Mark Chekanow - Director, Investor Relations Frederic Villoutreix - Chairman and Chief Executive Officer Don Meltzer - Executive Vice President, Advanced Materials and Structures Allison Aden - Chief Financial Officer.
Dan Jacome - Sidoti.
Welcome to the SWM’s First Quarter 2016 Earnings Conference Call. Hosting the call today from SWM is Frederic Villoutreix, Chairman and Chief Executive Officer. He is joined by Don Meltzer, EVP of Advanced Materials and Structures; Allison Aden, Chief Financial Officer; and Mark Chekanow, Director of Investor Relations.
Today’s call is being recorded and will be available for replay later this afternoon. The dial-in numbers are 855-859-2056 and 404-537-3406 with the access code of 91078175. [Operator Instructions] It is now my pleasure to turn the floor over to Mr. Chekanow. Sir, you may begin..
Thank you, Catherine. Good morning. I am Mark Chekanow, Director of Investor Relations at SWM. Thank you for joining us to discuss SWM’s first quarter 2016 earnings results. Before we begin, I would like to remind you that the comments included in today’s conference call include forward-looking statements.
Actual results may differ materially from the results suggested by these comments for a number of reasons, which are discussed in more detail in our Securities and Exchange Commission filings, including our quarterly reports on Form 10-Q and our annual report on Form 10-K.
Some financial measures discussed during this call are non-GAAP financial measures. Reconciliations of these measures to the closest GAAP measures are included in the appendix of this presentation and the earnings release. This presentation and the earnings release are available on the Investor Relations section of our website, www.swmintl.com.
I will now turn the call over to Frederic..
Thank you, Mark and good morning everyone. Although we were pleased with our first quarter adjusted EPS of $0.80, we highlight that constant currency net sales and adjusted EPS were up 17.5% and 12% respectively. Consistent with the factors incorporated into our guidance, LIP volumes remain strong. RTL volumes were weak. Argotec performed well.
DelStar’s top and bottom line reserves continue to be hampered by certain volume challenges. And currency had a negative impact across our business. Other key factors of first quarter earnings were a first quarter loss on our Chinese Recon joint venture due in part to sales signing and a gain on the sale of water rights.
However, normalizing for these factors, first quarter adjusted EPS marked a solid start to the year and is consistent with assumptions we incorporated into our full year adjusted EPS guidance of $3.15.
Broadly speaking, execution was strong across the business and we maintained our focus on the 2016 key strategic priorities that support our long-term transformation. Non-tobacco sales represented nearly 40% of our total net sales in the first quarter.
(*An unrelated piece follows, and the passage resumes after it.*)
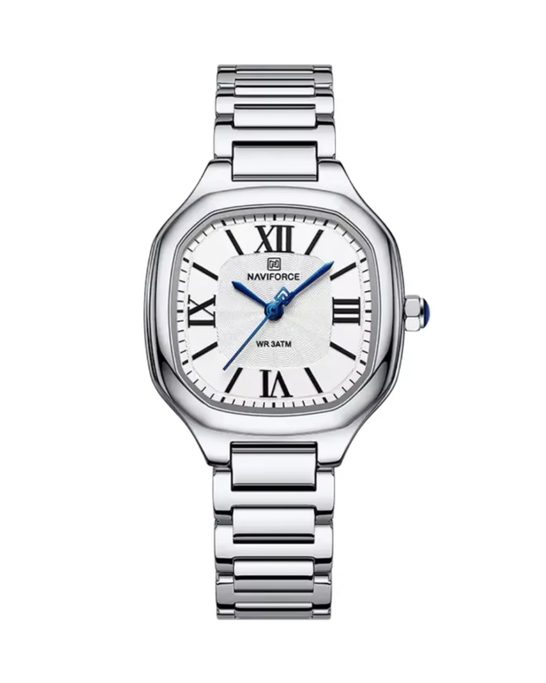 The NAVIFORCE NF5042 is a refined wristwatch designed for the modern woman who values simplicity and sophistication. Its square 31mm case is crafted from durable alloy with a polished silver finish, housing a bright white dial accentuated by timeless Roman numeral markers. The sleek stainless steel band with a push-button hidden clasp offers a secure and stylish fit.

Trailing 12-month free cash flow remains stable though we expect it to trend lower through the year reflecting our expected decline in earnings versus 2015. In our Engineered Paper segment, LIP momentum from 2015 continued through the first quarter.
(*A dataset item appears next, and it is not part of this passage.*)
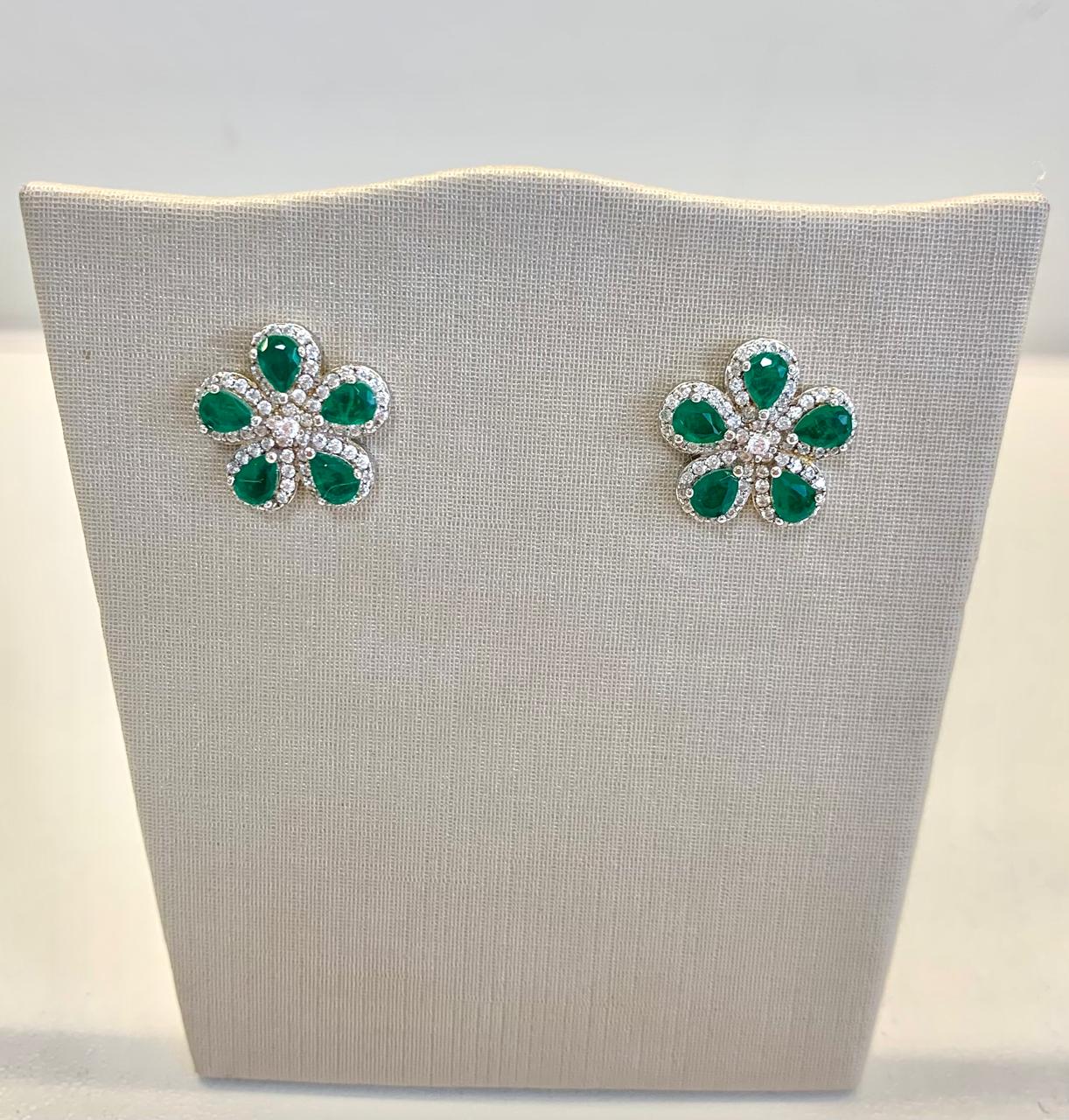 Brinco flor esmeralda cravejada com zircônias de prata 925.

Though as we have discussed, we believe most of this trend is related to customer inventory builds which we expect to unwind in the coming quarters.
In total, our cigarette paper volumes, including our Chinese joint venture, CTM, were up 8% in the first quarter driven by modest LIP growth and supported by growth in other cigarette paper products such as volume. Our non-tobacco paper volumes showed some strong growth though while our higher margin battery separator was up.
The bulk of the increase was from printing and writing peer volumes. First quarter Recon volumes, including the new Chinese joint venture, CTS, were down 24% in the first quarter driven by a difficult comparison for French RTL mill and a low volume quarter for CTS.
Regarding the difficult comparison for the French mill, recall that first quarter 2015 had 6% volume growth as orders shifted into that quarter following a full quarter of 2014 labor disruption.
While Recon has presented volume challenges accompanied by trade equality timing issues of Q1, reconstituted reserves are consistent with the assumptions we made in our annual guidance. All told, versus last year’s first quarter, the engineered paper segments had generally flattish overall volume and some mixed improvements.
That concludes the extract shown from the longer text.